Multiplexed single-molecule characterization at the library scale

Authors
M. Panfilov, G. Mao, J. Guo, J. Aguirre Rivera, A. Sabantsev, and S. Deindl.
Abstract

Single-molecule techniques are exceptionally well suited for analyzing the complex dynamic behavior of macromolecules involved in fundamental biological processes. Nevertheless, time and cost usually restrict current single-molecule methods to examining a limited number of different samples. At the same time, a broad sequence or chemical space often needs to be investigated to gain a thorough understanding of complex biological phenomena. To address this urgent need, we have developed multiplexed single-molecule characterization at the library scale (MUSCLE), a method that combines single-molecule fluorescence microscopy with next-generation sequencing to enable highly multiplexed observations of complex dynamics on millions of individual molecules spanning thousands of distinct sequences or barcoded entities. In this protocol, we outline the implementation of MUSCLE and present examples from our recent research, such as the sequence-dependent dynamics of Cas9-induced target DNA unwinding and rewinding. This example demonstrates that MUSCLE can be applied to study protein–nucleic acid interactions, going beyond nucleic-acid-only model systems. We detail the sample and library design, high-throughput single-molecule data acquisition, next-generation sequencing, spatial registration of single-molecule fluorescence and sequencing data and downstream data analysis. The ligation-based surface immobilization approach of MUSCLE ensures high clustering efficiency (>40%), increasing throughput and simplifying registration. In addition, MUSCLE includes a 3D-printed flow cell adapter that enables liquid exchange during single-molecule fluorescence microscopy. The complete procedure typically spans 3–4 days and yields a dataset that comprehensively characterizes the dynamic behavior of a library of constructs.

Cite as
Panfilov, M., Mao, G., Guo, J., Aguirre Rivera, J., Sabantsev, A., & Deindl, S. Multiplexed single-molecule characterization at the library scale.

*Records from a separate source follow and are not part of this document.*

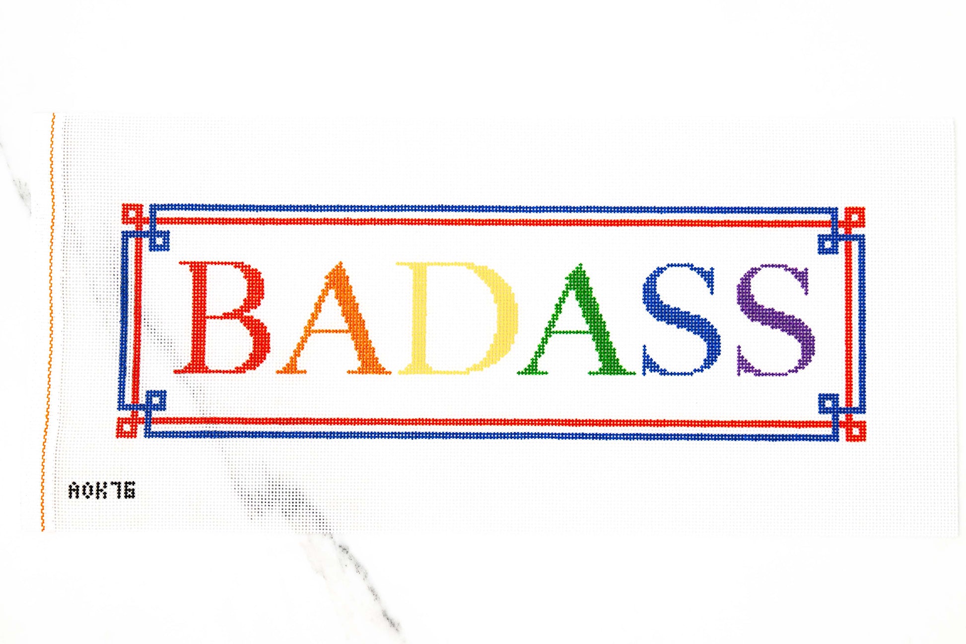 Feeling good about yourself today? Then you need this canvas! In this bold design, the word BADASS appears in a rainbow of colors in the middle, surrounded by a fun Greek-key-inspired border. The design area is approximately 16 3/4” x 5 1/2“ — perfect for a long bolster pillow to go on a chair or the center of a couch. The canvas dimensions are 21 3/4” x 9 1/2” on 13 mesh. AOK 76
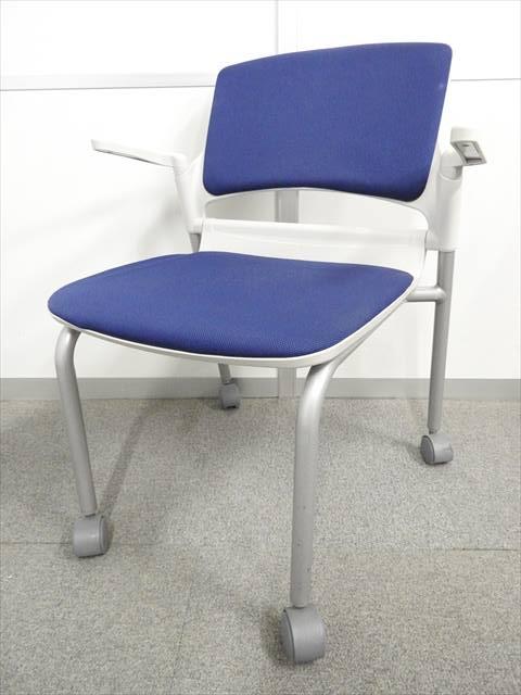 【キャスター付きで使いやすい!ミーティングに最適!】■ウチダ(UCHIDA)製 MF-180シリーズ スタッキングチェア ミーティングチェア ■キャスター付き ■ブルー×ホワイトシェル【2509】弊社使用欄【A01032801】
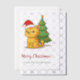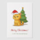 Grumpy looking orange tabby cat is wearing a red Christmas hat. Small Christmas tree behind it. Customizable text.
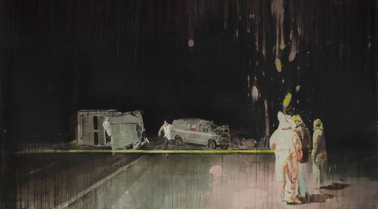 Fernando Gómez Balbontín (1981), is a Chilean artist and architect who has been creating and painting as a way of questioning and resisting his environment since childhood. His creative process involves pictorial experimentation, traveling between figurative and abstract art. His work consists of building a portrait of western consumer society by using recognizable elements such as destroyed technological bulks, phalluses and virgins. These emotionally charged imagery allows him to express a unique perspective on the links between death, consumption and religion. His paintings have been exhibited internationally and are part of private collections in Chile, China, the United Kingdom and the United States.
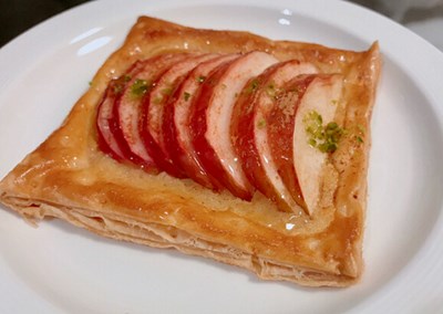 人気のアップルパイは、サクサク食感の生地の上に独自の甘いリンゴフィリングがのっています。
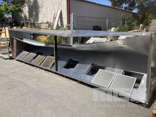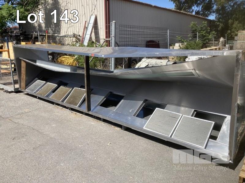 STAINLESS STEEL EXHAUST CANOPY, 600 x 140 x 110cm, 6 FILTER, INTERNAL LIGHTING WITH 2 x EXTRACTION FANS, (240V) & FLUE (NOTE SOME DAMAGE)
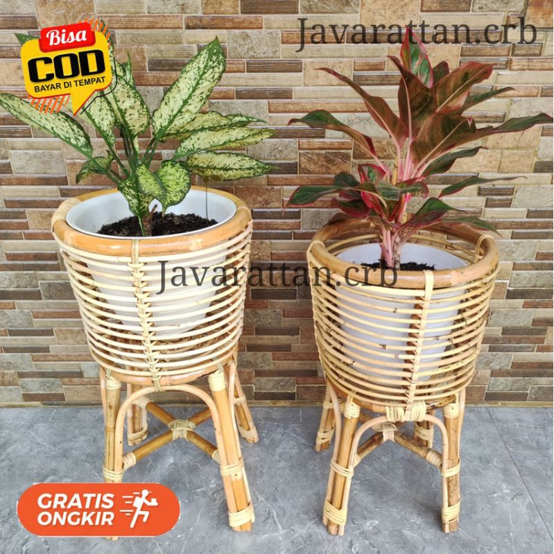 Standing Pot Rotan Natural Diameter 30cm / Pot bunga Aesthetic Ruang tamu
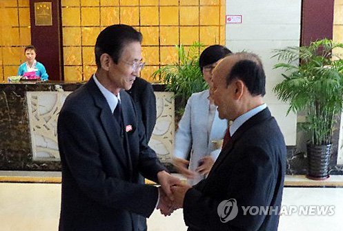 | △ 6·15 공동선언 발표 15주년 공동행사를 위한 남북 민간 차원의 사전 논의가 시작된 5일 중국 선양 한 호텔에서 남과 북 측 준비위원회 대표단이 만나 인사를 나누고 있다. 왼쪽은 북측 대표인 김완수 6·15공동선언실천 북측위원회 위원장, 오른쪽은 남측 대표인 이창복 상임대표의장. |
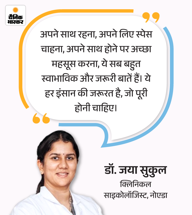 मुश्किल ये है कि हमारे समाज ने खुद के बारे में सोचने को स्वार्थ से जोड़ दिया है। महिलाओं के लिए तो ये और भी मुश्किल है। अगर कोई महिला कहती है कि उसे अकेले रहना अच्छा लगता है या उसे थोड़ा स्पेस चाहिए तो उस पर तुरंत सवाल खड़े कर दिए जाते हैं। क्या रिश्ता ठीक नहीं है? क्या शादी में प्यार कम हो गया है? क्या पति से दूर जाना चाहती हो?
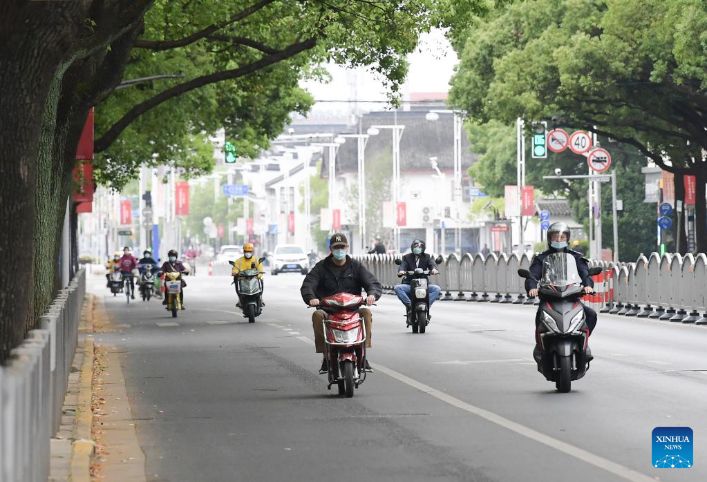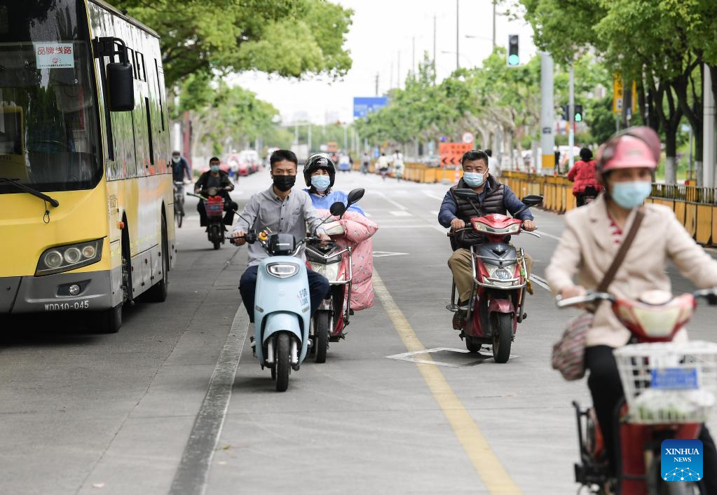 People ride electric bicycles on the street in Songjiang District of east China's Shanghai, May 10, 2022. With the number of new infections continuing to go down, retail stores in Shanghai have been gradually returned to normal operation in some areas of the city. (Xinhua/Li He)
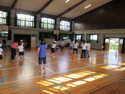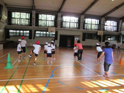 休憩の後は,ドッジビーをしました。ボールの代わりにフリスビーを使って行うもので,子どもたち対保護者の方々で試合をしました。にじの子の子どもたちは,積極的にフリスビーを取りに行く子,上手によける子,様々でしたが,みんなで楽しく試合をすることができました。
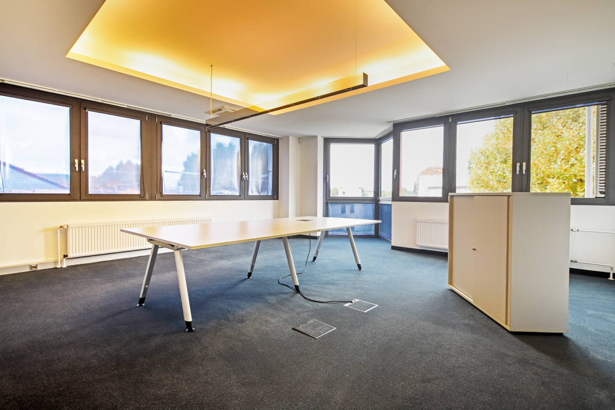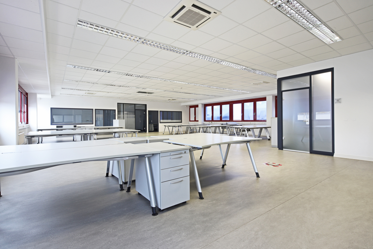 ca. 88 m² Mehrzweckraum und drei weitere Büro- und Besprechungsräume. In diesem Bereich liegen antistatische Kunststoffböden.
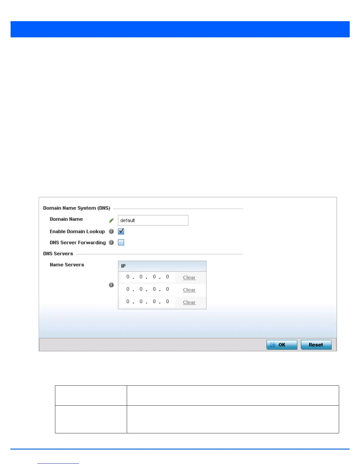 Enable Domain Lookup Select this option to enable DNS. When enabled, human friendly domain names can be
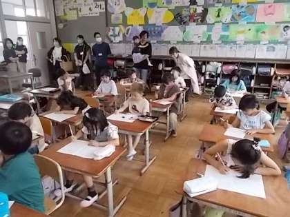 友達の作品を見ながら、「〇〇さんの花火がいろいろな色を使っていてとてもきれいでした。」や「●●さんが書いた海の様子がまるで本物みたいですごかったです。」など友達の良さをいっぱい見つけていました。
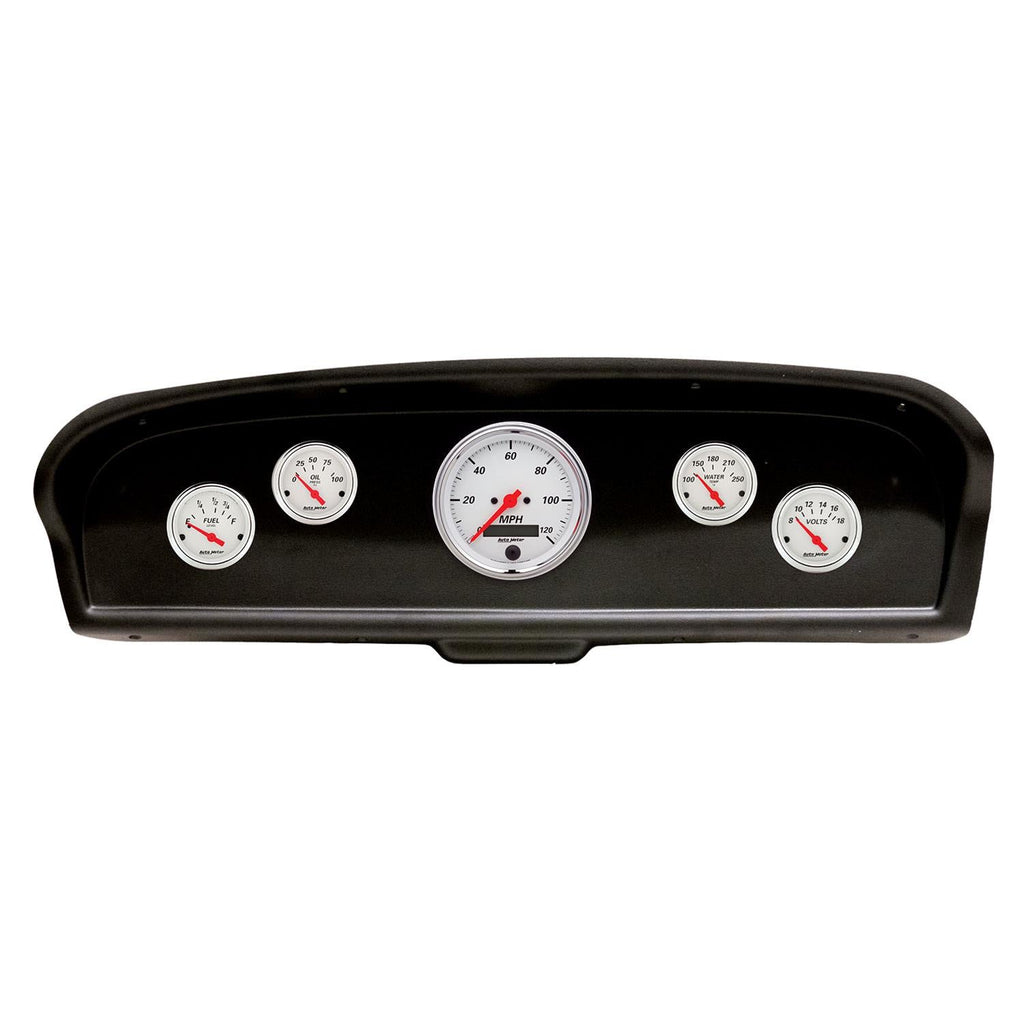 Do you need some cool gauges for your vehicle? Get a complete set with AutoMeter Arctic White instrument clusters. A white dial face with performance-inspired graphics, a polished chrome bezel, and a classic domed lens reveal a look that truly reflects the American muscle style. Red and green bulb covers really let this series shine when lit for nighttime driving. Adding to the gauges look is a billet aluminum panel available in a shiny polished or black finish.Brand: AutoMeter
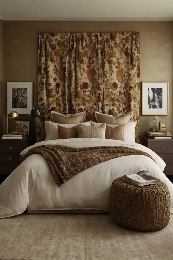 Fabric panels soften the wall and add warmth. Layering materials creates a rich and inviting effect. Choosing complementary colors ensures the decor blends with the bedding.

Nature Protocols, 21, 749–774, 2026.
Research Article
Science · 2026

From sequence to function: Bridging single-molecule kinetics and molecular diversity

Authors
A. N. Kapanidis, L. Muras, K. Sreenivasa, J. P. Hazra, J. van Noort, C. Joo, and S. Deindl.
Abstract

Biological function is fundamentally determined by nucleic acid and protein sequence. Beyond encoding genetic information, nucleic acids also display complex physicochemical parameters that shape structure, dynamics, and interactions. Understanding how sequence variation sculpts the energetic landscapes underlying these properties requires methods that capture both molecular diversity and dynamic behavior. Single-molecule techniques are ideally suited to this task, but conventional formats remain time and cost intensive. Recent breakthroughs have enabled highly multiplexed approaches for observing molecular dynamics across millions of individual molecules representing thousands of sequences or barcoded entities. Though still in development, these methods have begun to bridge sequence, structure, dynamics, and function at scale, opening new opportunities in drug discovery, molecular diagnostics, and functional genomics.

Cite as
Kapanidis, A. N., Muras, L., Sreenivasa, K., Hazra, J. P., van Noort, J., Joo, C., & Deindl, S. From sequence to function: Bridging single-molecule kinetics and molecular diversity. Science, 391(6784), 458–465, 2026.